I just got back from Elara, booked a special cash rate on Hilton web site, $99 night for Junior Deluxe Suite.  The web site offers instant upgrade at $30, I declined.  At check in I pushed back again, then she offered $15, gave me a 50% HHonors Member discount


----------



## vegasVIP (Dec 12, 2012)

Is the rooms the same I have seen on YouTube?  Edgy dcorations and furnishings with a drop screen and projector for a TV?  Was wondering if HGVC had other units they designed for us.  Either way would be fine with me.


----------



## SmithOp (Dec 12, 2012)

*No decor changes yet*

Yes, the 1 br deluxe on the upper floors have the projector and spa tub in the bedroom.  We actually liked it, gaudy and cheesy like old Vegas . Will stay there again, nice being right on the MM Mall.

There is a display in the lobby with a picture board of the new design, typical HGVC colors, perhaps the lobby will be the first makeover.

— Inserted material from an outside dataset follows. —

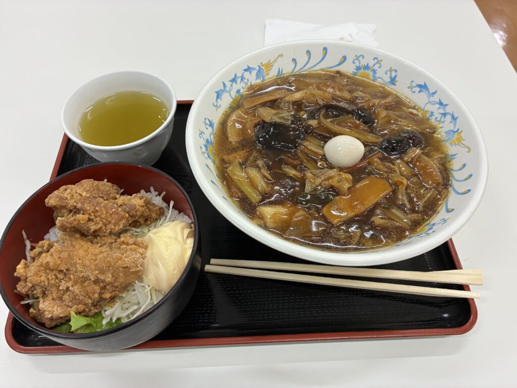 今回はボリューミーなあんかけラーメンと唐揚げ丼のセットを頼みました。

I took a snap, I'll post a pic once I transfer off my phone.


----------



## SmithOp (Dec 14, 2012)

*Here is the picture*

One of the columns are wrapped in black plastic, they will do them one at a time it appears.  The columns are currently a candy apple reddish pink.


----------



## ching (May 15, 2013)

*Anyone stayed at a renovated Elara unit yet?*

Hi, 

Will be staying at Elara in a few weeks.  We currently have two rooms booked and was wondering if anyone has had a chance to stay in a renovated room.  if so, can it be requested?

Thanks!


----------



## Luanne (May 15, 2013)

ching said:


> Hi,
> 
> Will be staying at Elara in a few weeks.  We currently have two rooms booked and was wondering if anyone has had a chance to stay in a renovated room.  if so, can it be requested?
> 
> Thanks!



Renovated?  How old is the resort?  I don't even remember it being there when we were in Las Vegas about 7 years ago.


----------



## SmithOp (May 15, 2013)

It opened as Planet Hollywood Towers in 2009.  HGVC took over operations in March 2012.  New HGVC sales have full privileges, legacy owners of the Westgate PH weeks are orphans and have to trade through II.  There are rumours of new HGVC designed units but I've yet to hear anyone buying or staying in one.  There are empty floors yet to be built out too.

When we stayed there the shower head was rusty and stained the shower wall, and the projection TV needed service, it overheated and shut down every 20 min to cool off.

http://www.hotel-online.com/News/PR2012_1st/Mar12_HiltonGVacationsLV.html


----------